Voice AI news, innovation, and investment were largely driven by consumer applications in the period 2016 – 2019. Amazon, Google, and Apple (and occasionally Samsung) dominated the headlines related to the technology. First, that was driven by the interest in devices such as smart speakers, smart displays, and voice interactive smart home products. That was followed by applications for media, driving, and other daily activities. However, 2021 was very different. Consumer voice interactive devices and applications with just a couple of exceptions were receiving incremental updates without much fanfare or material advances. The tech giants continued to invest billions of dollars in their voice assistant portfolios but the attention clearly shifted.
The Voice AI Year of the Enterprise
You will see in our top stories countdown that enterprise voice AI innovation dominated the headlines, investment landscape, and attention from the industry. Much of this began during the pandemic but its origin was earlier. In 2020, the Voicebot Podcast ran a series about custom (brand-owned) assistants that were launching or already operational in 2020. Most of those projects began in 2018 or 2019 and were predicted by Voicebot’s 1,000 assistants hypothesis and GOWN model in early 2019.
The pandemic also introduced new pressures to support functions and many digital interactions with customers.

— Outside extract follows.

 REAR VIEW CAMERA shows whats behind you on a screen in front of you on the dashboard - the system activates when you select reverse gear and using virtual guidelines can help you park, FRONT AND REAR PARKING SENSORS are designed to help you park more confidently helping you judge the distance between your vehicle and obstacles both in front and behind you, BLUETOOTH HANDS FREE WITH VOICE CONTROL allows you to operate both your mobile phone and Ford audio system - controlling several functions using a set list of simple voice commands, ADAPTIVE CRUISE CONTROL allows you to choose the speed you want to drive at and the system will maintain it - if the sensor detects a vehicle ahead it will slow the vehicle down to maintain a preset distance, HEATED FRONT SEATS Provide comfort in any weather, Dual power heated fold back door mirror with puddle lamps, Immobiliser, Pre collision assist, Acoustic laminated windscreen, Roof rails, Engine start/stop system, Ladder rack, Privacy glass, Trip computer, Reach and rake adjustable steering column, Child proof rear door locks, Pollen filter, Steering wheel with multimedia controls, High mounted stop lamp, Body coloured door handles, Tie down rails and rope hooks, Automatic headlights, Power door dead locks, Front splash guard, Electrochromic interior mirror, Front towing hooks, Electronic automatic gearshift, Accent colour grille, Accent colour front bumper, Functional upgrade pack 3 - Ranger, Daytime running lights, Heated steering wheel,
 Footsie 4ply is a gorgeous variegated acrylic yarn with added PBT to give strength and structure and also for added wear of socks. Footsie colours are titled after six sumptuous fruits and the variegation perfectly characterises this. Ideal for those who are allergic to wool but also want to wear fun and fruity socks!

The volume of questions accelerated at a time when companies were ill-prepared to manage the increase with workers unable to come to work and didn’t have access to the antiquated tools most contact centers were using a year ago. That led to the rise of chatbots for customer service and a few voice assistant projects founded on the promise of automating customer interactions. The pandemic was an accelerant for a trend that was materializing prior to 2020. We see the impact of that acceleration with the activity of 2021 and what you should expect to see next year.
With that context in mind, here are my candidates for the top 10 voice AI stories of 2021. Let me know if you agree or disagree on Twitter (@bretkinsella). What did I miss? What did I just get wrong? Bring it on.

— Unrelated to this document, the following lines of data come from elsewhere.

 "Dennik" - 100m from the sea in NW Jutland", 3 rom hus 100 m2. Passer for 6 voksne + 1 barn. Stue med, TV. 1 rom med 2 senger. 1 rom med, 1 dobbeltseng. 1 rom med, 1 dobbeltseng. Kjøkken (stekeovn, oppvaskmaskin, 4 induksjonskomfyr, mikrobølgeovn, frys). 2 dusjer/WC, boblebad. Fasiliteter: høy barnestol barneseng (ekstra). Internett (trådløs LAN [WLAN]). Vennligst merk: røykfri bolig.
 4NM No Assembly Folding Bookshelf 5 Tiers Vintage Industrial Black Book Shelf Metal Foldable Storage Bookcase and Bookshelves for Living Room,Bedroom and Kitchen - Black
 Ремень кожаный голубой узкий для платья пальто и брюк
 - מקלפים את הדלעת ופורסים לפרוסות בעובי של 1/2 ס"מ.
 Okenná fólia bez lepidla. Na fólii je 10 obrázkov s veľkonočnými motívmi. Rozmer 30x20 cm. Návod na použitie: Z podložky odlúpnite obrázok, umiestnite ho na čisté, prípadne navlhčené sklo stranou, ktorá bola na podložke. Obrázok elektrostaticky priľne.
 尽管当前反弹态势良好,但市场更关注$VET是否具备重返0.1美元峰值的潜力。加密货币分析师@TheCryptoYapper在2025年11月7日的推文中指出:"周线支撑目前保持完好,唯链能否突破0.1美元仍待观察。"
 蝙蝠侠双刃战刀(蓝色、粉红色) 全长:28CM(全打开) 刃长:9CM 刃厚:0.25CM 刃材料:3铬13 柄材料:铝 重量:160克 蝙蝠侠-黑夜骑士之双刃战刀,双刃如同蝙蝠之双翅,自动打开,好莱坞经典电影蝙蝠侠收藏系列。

Number 10 – Amazon Introduces an Alexa Robot
While devices have not been the top story of voice AI in 2021, Amazon’s Astro Robot deserves a spot in the top 10. This in-home robot segment has struggled as smart speakers and ambient solutions usurped many of the use cases they were supposed to fulfill. What is the rationale for an in-home robot when you have low-cost voice assistant enabled microphones in every room in the home? That remains to be seen. However, Amazon has long believed it needed a robot with eyes for Alexa to take the next step-change in intelligence accumulation.

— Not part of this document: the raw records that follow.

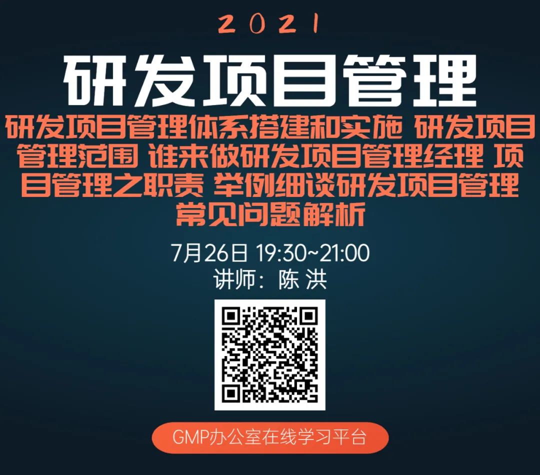 以下为《研发项目管理:如何搭建和实施研发项目管理体系、管理范围、谁做研发项目管理经理、职责分工、案例及常见问题解析!》直播培训课程,直播将于今晚19:30开始!扫描图中二维码可进入。
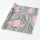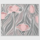 Un motif floral avec tulipes roses douces contre un arrière - plan gris muet.
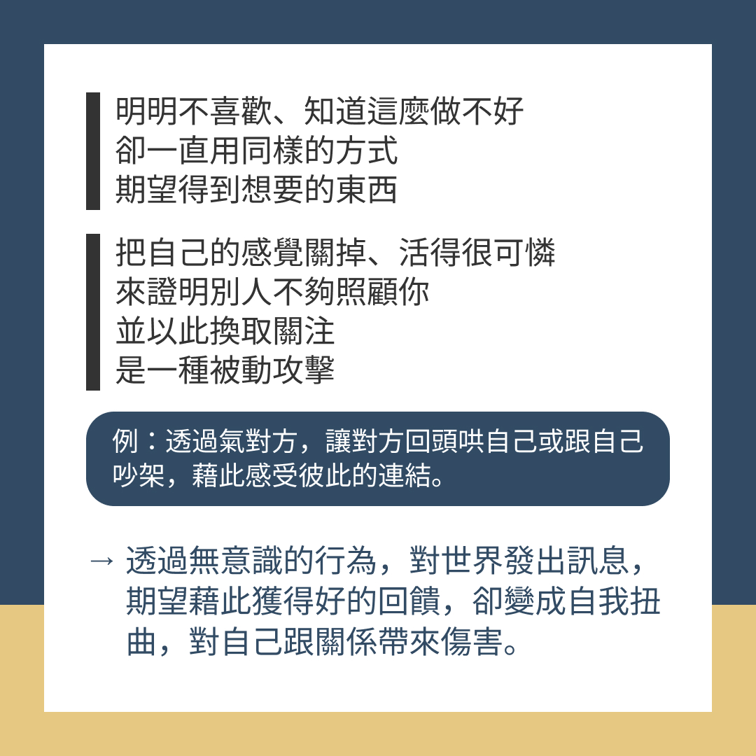 把自己的感覺關掉、活得很可憐,來證明別人不夠照顧你,並以此換取關注,是一種被動攻擊
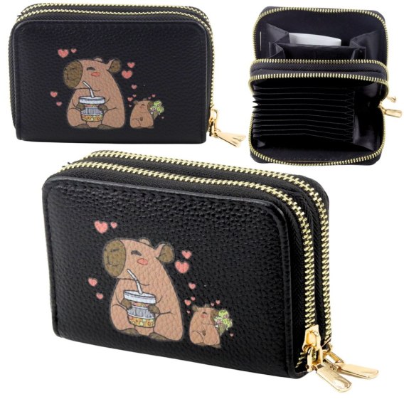 Czarny portfel z uroczym motywem kapibary to funkcjonalny i wygodny dodatek, który łączy kompaktowy rozmiar z dużą pojemnością. Wyposażony w dwie oddzielne komory zamykane na zamki błyskawiczne, zapewnia wygodne przechowywanie kart, banknotów, monet.

The Astro Robot was not expected this year even though there had been earlier leaks about a secret project. Astro looks like a pretty capable and interesting product for the home but it is not clear robots will become more than a novelty for device aficionados. Amazon has demonstrated strong capabilities in delivering products that consumers adore and doing it at a competitive price point. Maybe Amazon’s Astro will succeed where its forebearers have failed.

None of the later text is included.